Par le Bison le 16 février 2012

Au centre de la photo

Jim Harrison, Richard Brautigan, Thomas McGuane

1973

Compagnon de route de Jim Harrison depuis plus de trente ans, de ce côté-ci de l’Atlantique longtemps labellisé, comme tant d’autres, « écrivain du Montana » – ce qui ne veut à peu près rien dire, si ce n’est qu’il ne vient ni de New York, ni de l’aguicheuse Californie, ni même du Midwest, mais que l’Amérique qu’il raconte est celle de l’Ouest véritable -, Thomas McGuane a aujourd’hui 73 ans, une énergie et une verve demeurées intactes. A quoi les ans ont ajouté une certaine pente mélancolique – oh, rien de grave, rien d’excessif, juste cette nuance ­infime de gris qui vient, avec le temps, voiler imperceptiblement le bleu du ciel.

Voilà donc de quoi est fait ­aujourd’hui le ton de McGuane, de quoi est faite l’humeur de Berl Pickett – le Dr Berl Pickett, ­acteur et narrateur de Sur les jantes, médecin devenu peintre en bâtiment après une sorte de disgrâce professionnelle dont on va apprendre rapidement les ressorts. On en apprendra d’ailleurs bien davantage au cours du livre, puisqu’en ces pages picaresques le volubile, fantasque, un rien candide Pickett récapitule sa vie dans les moindres détails : parents pentecôtistes excentriques (« Dieu est complètement cinglé », jurait son père…), désormais décédés, conquêtes féminines multiples, heurts, malheurs et dérapages divers jalonnant l’itinéraire d’un individu aimablement inconséquent. McGuane livrant, dans le même geste romanesque, un minutieux tableau de l’Amérique ordinaire, provinciale, qui fut le décor de cette existence rocambolesque – les Etats-Unis côté cour, là où « la conscience des grands sujets planétaires n’était pas vraiment de mise [...]. Nous flirtions avec l’ignorance pour maintenir notre existence sur une échelle viable ». [Source : L'Express]

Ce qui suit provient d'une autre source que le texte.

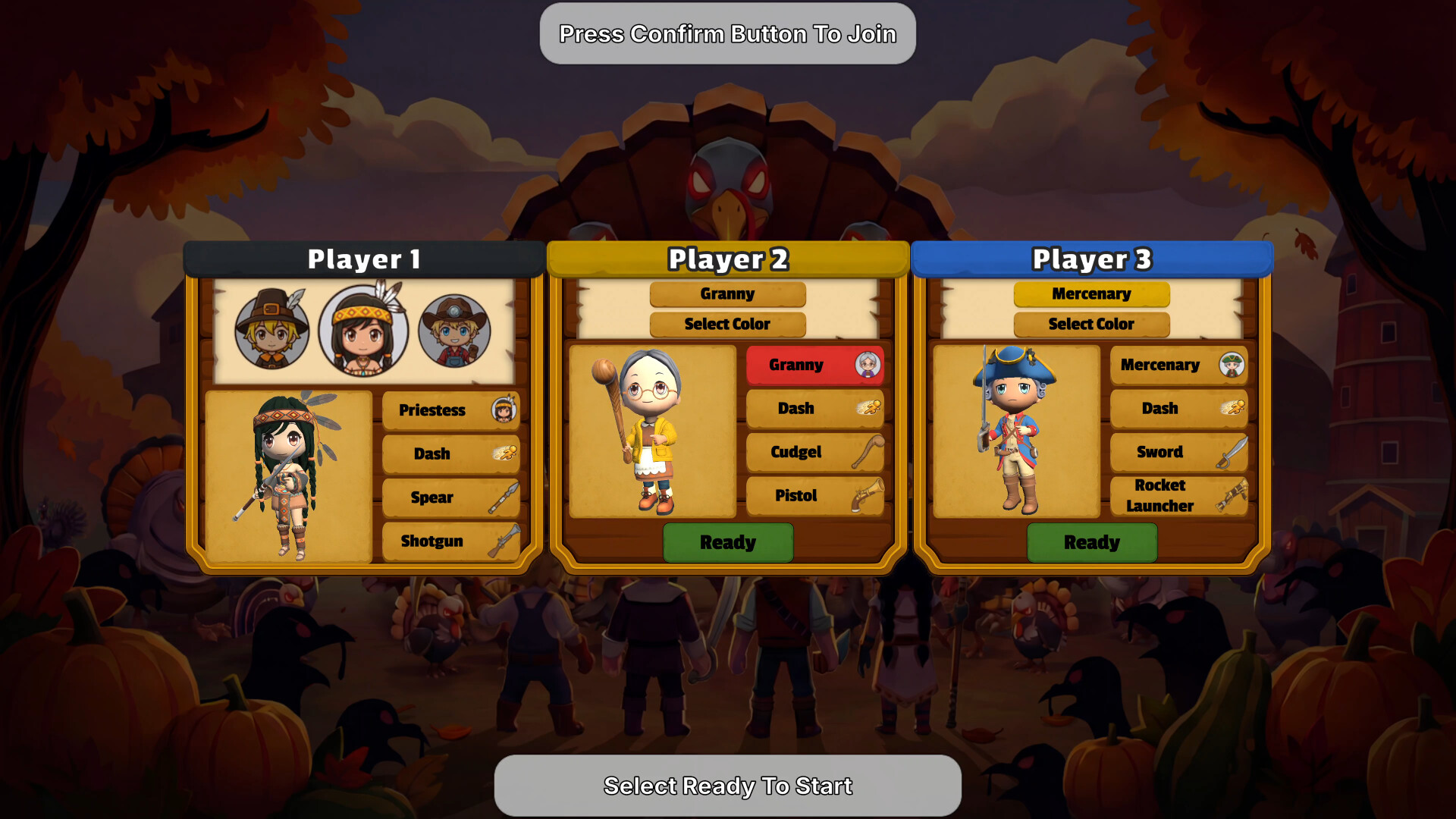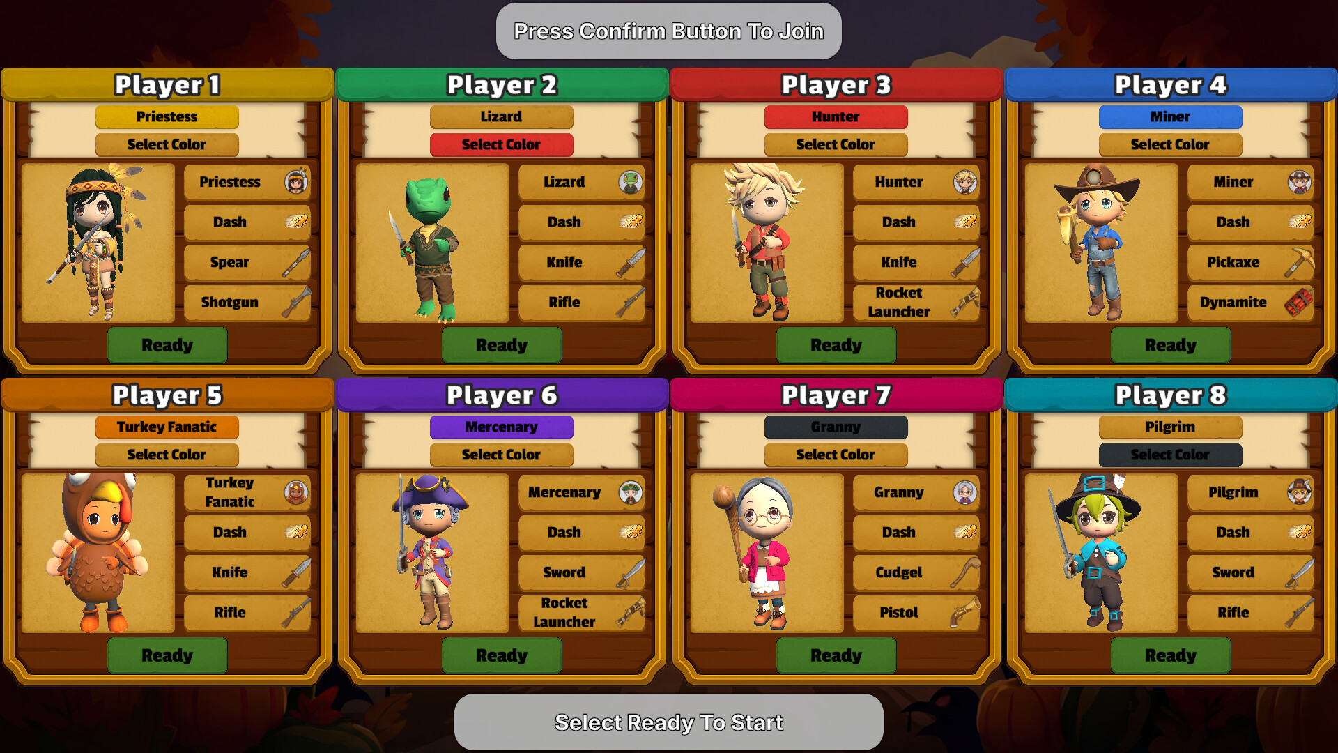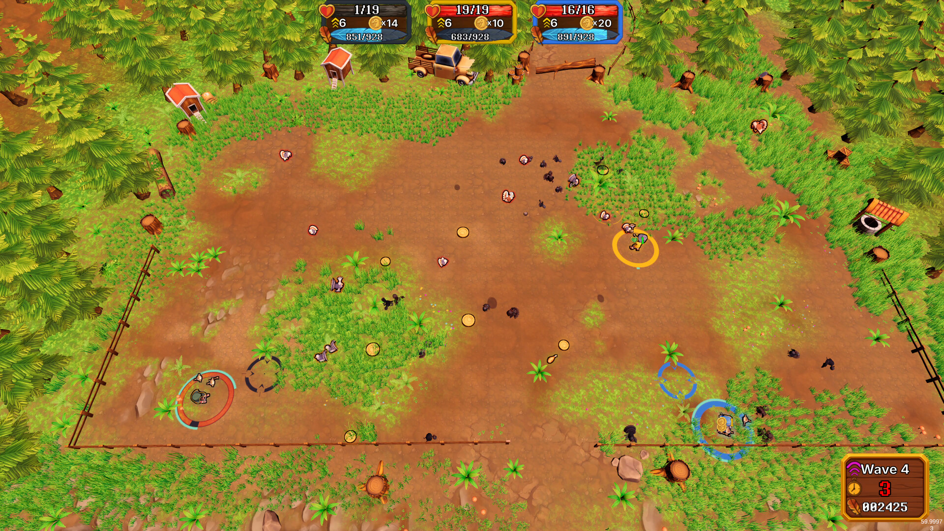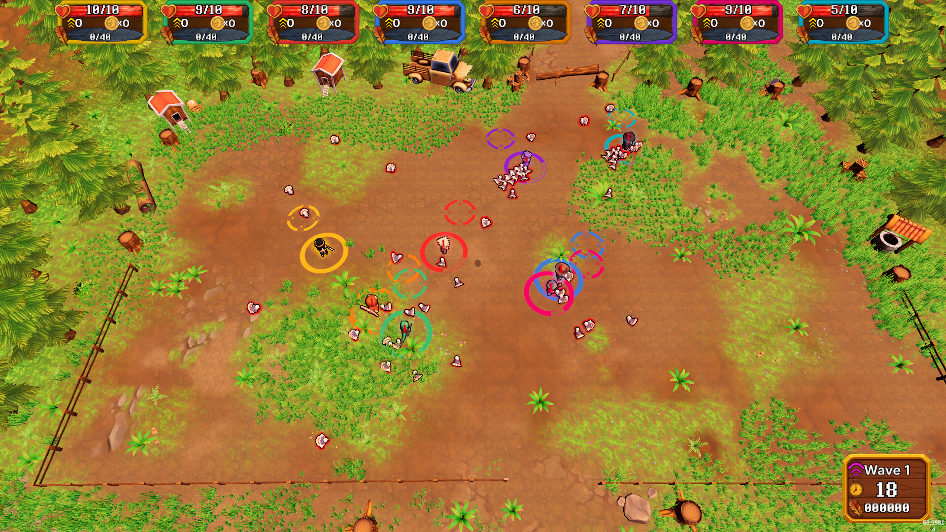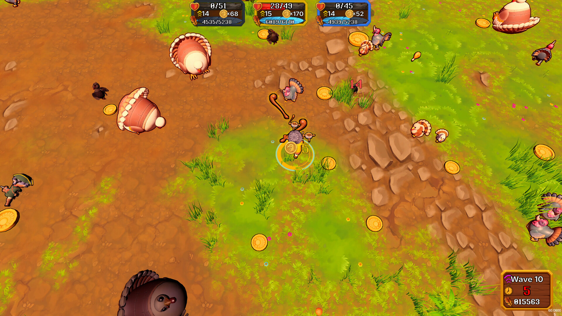 Grab some friends (or go solo) and jump into a chaotic bullet-heaven, couch co-op, wave survival, twin-stick shooter for 1–8 players. Blast through swarms of strange turkeys, fight crazy bosses, scoop up coins and items.
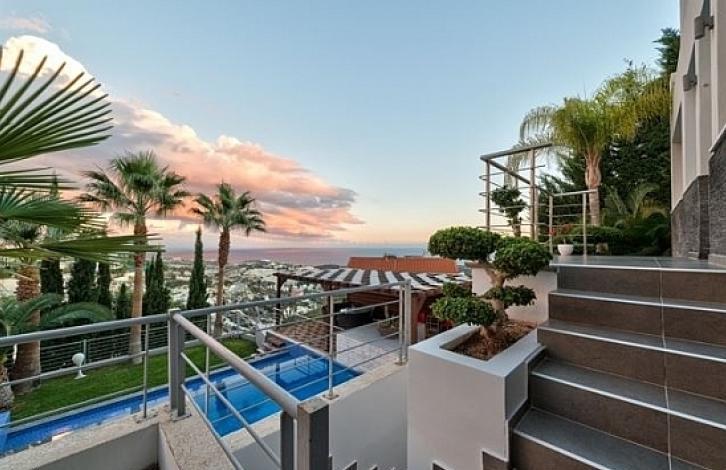 Эксклюзивная 5-спальная вилла с потрясающим панорамным видом на море и город, находящаяся в районе Агиос Тихонас города Лимассола. Дом включает в себя просторную гостиную со столовой зоной, зону отдыха, 5 больших спальных комнат, комната для прислуги, 4 ванные комнаты, 2 оборудованные кухни, обширную веранду с деревянной беседкой. Полностью меблирован, оснащен системой отопления и кондиционирования воздуха, предлагает роскошный дизайн, стильный декор, частный бассейн, сауну, 2 кладовые комнаты, крытый гараж и прекрасный сад. Великолепный жилой район рядом с пляжем и городскими удобствами.
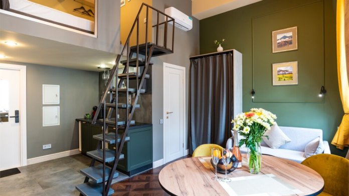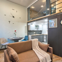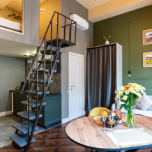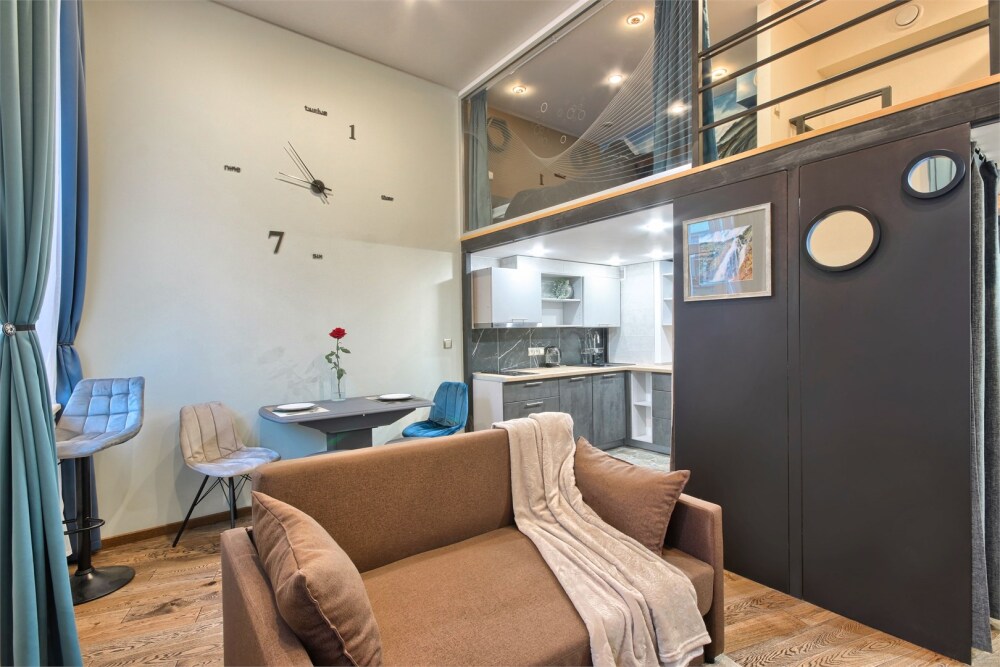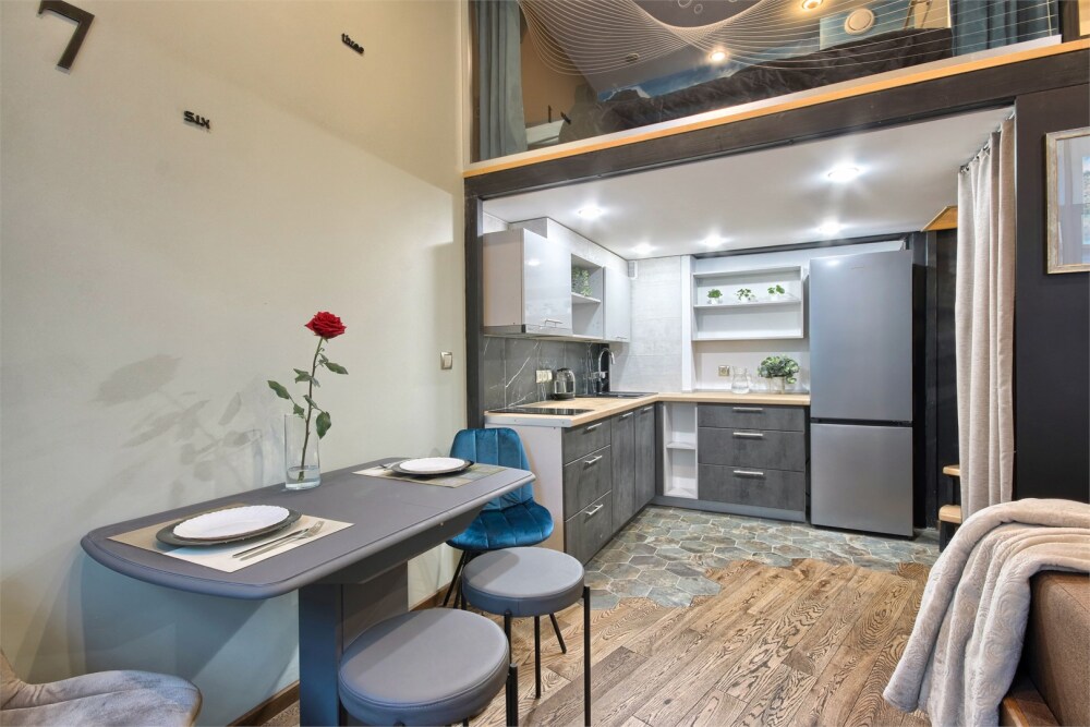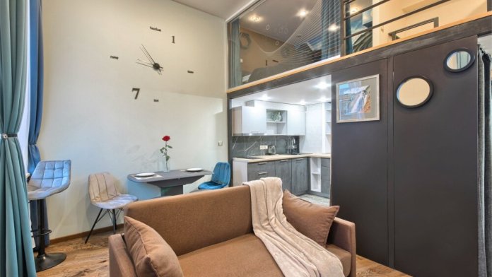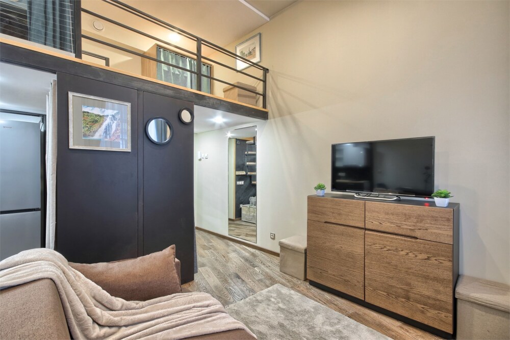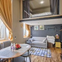 Апартаменты полностью оборудованы всей необходимой мебелью и техникой: стиральная машина, холодильник, чайник, электрическая плита, утюг, пылесос, фен, телевизор, а так же современной системой «Умный Дом» с Алисой.
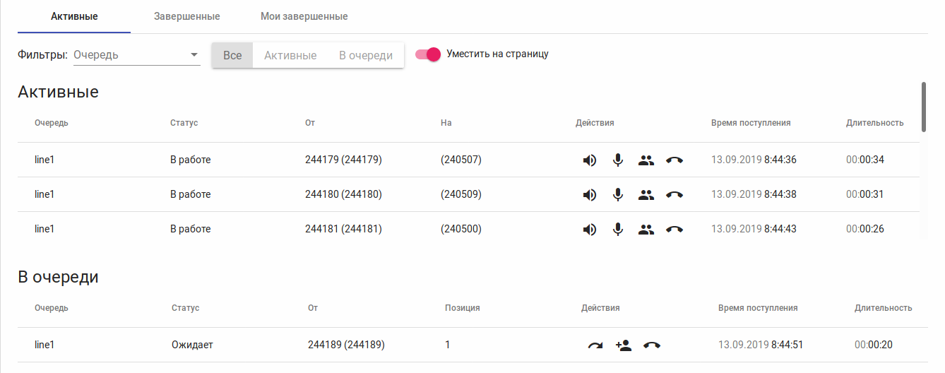 В данном разделе отображаются текущие активные вызовы операторов и супервизоров, находящихся в одной группе, а также вызовы находящиеся в очереди.
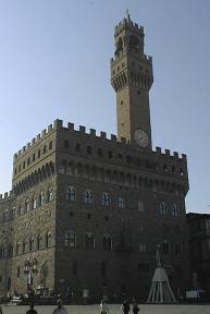 In our search for a place to stay, we came across Piazza Signoria. Immediately striking due to the number of ancient and reproduction Roman and medieval statues, we naturally wandered over to the imposing fortress of a building on the square and discovered Firenze's town hall, Palazzo Vecchio . Before its construction in the 13th century, town elders (the Priors) held meetings in private homes or public places -- at great risk. Seems that either outside cities or gangs associated with one of the town's five ruling families would oftentimes attack those at the town meetings, so this defensible town hall was built to give some sanity to those proceedings. Just outside of the main entrance stands a reproduction of one of Italy's most famous statues: David by Michelangelo.
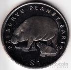 Либерия 1 доллар 1994 Фауна - Карликовый бегемот
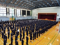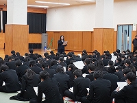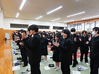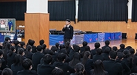 | 1月8日(木)大学入学共通テスト激励会を行いました。初めに校長先生から激励の言葉があり、そのあと生徒を代表して3年5H 植村 英太 君が、「テスト本番はネガティブな感情は捨て、自分のやってきたことを信じましょう。今の自分にできる最大限の力をだしきり、共通テストが終わった後『やりきった』と思えるよう全力を尽くしましょう。」と、共に頑張ってきた仲間たちにエールを贈りました。 | |||||
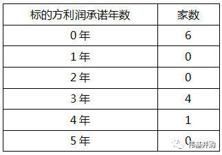 数据显示,有利润承诺的5家企业,利润承诺主要集中在2019年至2022年的四年, 2020年的可比年利润增长率为-57.60%,2021年的可比年利润增长率为6.86%,2022年的可比年利润增长率为24.26%。 c) 利润承诺年限统计如下:  6月份并购的11家标的企业中,不做利润承诺为主流,有6家,3年利润承诺有4家,4年利润承诺有1家。
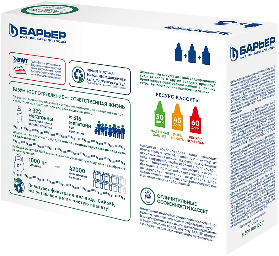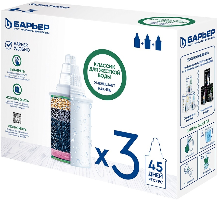 Экономичная очистка водопроводной воды и легкое умягчение. Удаляет хлор, тяжелые металлы, снижает образование накипи. Помогает справиться с небольшим содержанием железа в воде. Ресурс зависит от качества исходной воды, но составляет не более 200 литров.
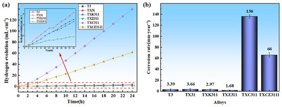 Figure 8 depicts the H2 evolution volume and the average corrosion rate. In Figure 8a, the H2 evolution volume of the T3, TX31, TXK311, and TXZ311 alloys slowed down after immersing for 12 h, while the H2 precipitation volumes of the TXC311 and TXCZ3111 alloys remained relatively stable. As depicted in Figure 8b, the order of corrosion rates was TXZ311 < TXK311 < T3 < TX31 < TXCZ3111 < TXC311, which was consistent with the results of EIS.

Voilà donc que ce vieux Thomas McGuane, alias Capitaine Barjot, sort un nouveau roman. Si l’idée de devenir un bison revient à Dan O’Brien, celle d’ouvrir un « Ranch sans nom » lui impute grandement. Thomas McGuane, fait partie de ces auteurs qui, dès qu’une occasion se présente, le Bison se jette dessus. Voilà donc que mon étagère aux rayons –M- s’est entichée de cet auteur. Pourtant, je n’ai jusqu’à présent eu l’occasion de n’effleurer que sa prose avec pour seul fait de gloire de ma part, une unique lecture d’un seul de ses opus, « Une Source Chaude ». Mais j’avais particulièrement apprécié l’univers décrit que depuis j’achète, je stocke, j’achète, je stocke. Achat compulsif de Thomas McGuane (comme tant d’autres auteurs, d’ailleurs). Ma psy me trouve dérangé. Je lui dis que c’est les risques du Montana, une terre hostile et dangereuse pour qui n’est pas prêt à y [sur]vivre. Un hiver rude et enneigé, des grizzlis sauvages et affamés ainsi qu’une impressionnante présence d’écrivains. C’est simple, là-bas, si vous ne faites pas face à un ours, c’est que vous êtes devant un écrivain. Je sais, dès fois la distinction physique est délicate mais le grognement ne laisse pas planer le doute. Les grands spécialistes du genre apprenne d’ailleurs à reconnaître le grognement de l’ours affamé devant un saumon frétillant la queue, et le grognement de l’écrivain hirsute et assoiffé devant une pinte de bière (frétillant sa…). L’Ouest mythique et véritable se mérite.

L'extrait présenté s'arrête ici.